El Mañana

martes, 25 de febrero de 2020

Armando Fuentes Aguirre
Mirador Armando Fuentes Aguirre

Mirador

22 enero, 2020

La mañana es gris. Tiene el color de la
conciencia del que no ha hecho ni bien ni mal.

Casi no se le puede llamar mañana a la de hoy.

Hace frío, sopla un empecinado viento y cae esa
llovizna que empapa en silencio llamada chipichipi.

En días como éste el alma se enmohece. La posee
un sentimiento que ni siquiera merece el nombre de melancolía, pues solamente
es murria, desabrimiento de ánimo, hastío.
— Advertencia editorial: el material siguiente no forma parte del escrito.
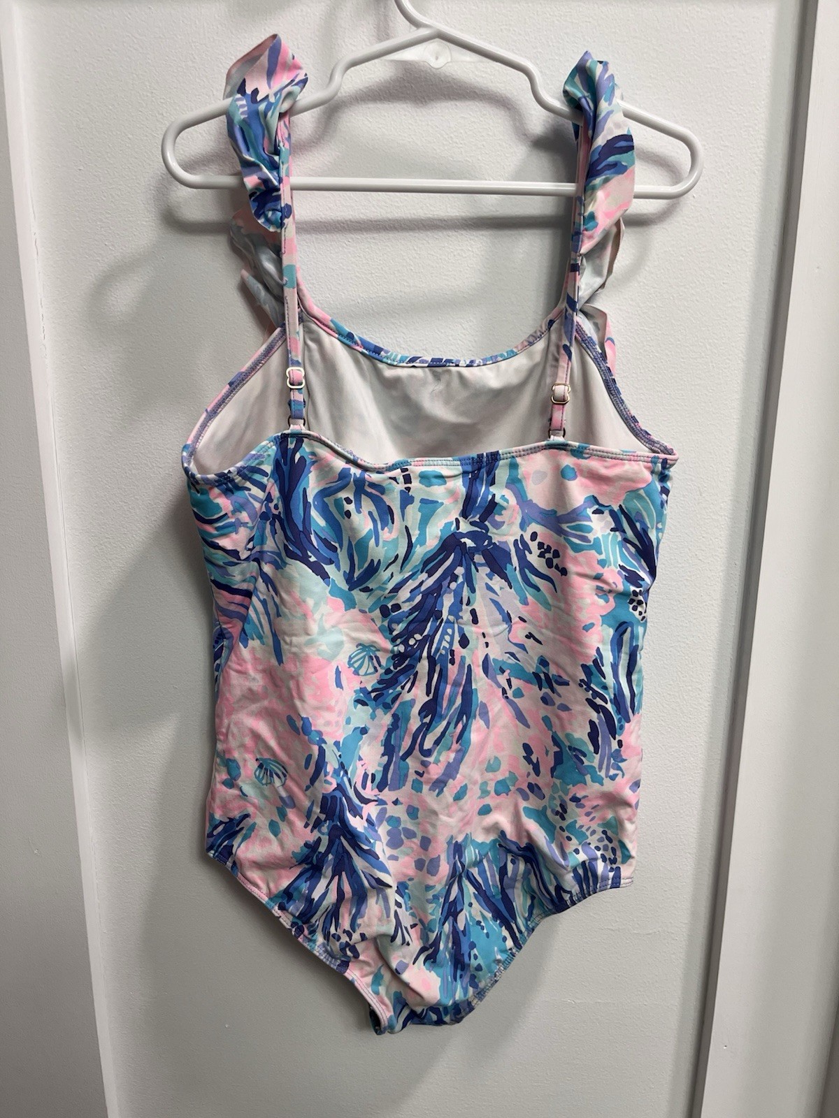 как выглядит Lilly Pulitzer Girls Ariana One-Piece Swimsuit Size 12 Floral Ruffles фото

Pero el viajero ha ido en avión en días como
éste, nebulosos, de cielo como una lámina plomiza. Asciende el jet y de repente
rasga la tela de la bruma. Estalla entonces el resplandor del día, y brilla el
sol, y el cielo es de un azul de cielo.

Por eso al viajero no lo desazona la grisura que
ahora ve por la ventana de su estudio y que enreda sus tristezas en las ramas
de los árboles sin hojas. Sabe que arriba está la luz. Las nubes que hoy la
cubren pasarán, y otra vez será la mañana, y vendrán otra vez los días claros,
y otra vez será la canción, y será otra vez la flor.

El viajero tiene la fortuna de ser hombre de fe.
En esa fe finca su esperanza; en ella tiene la raíz su amor.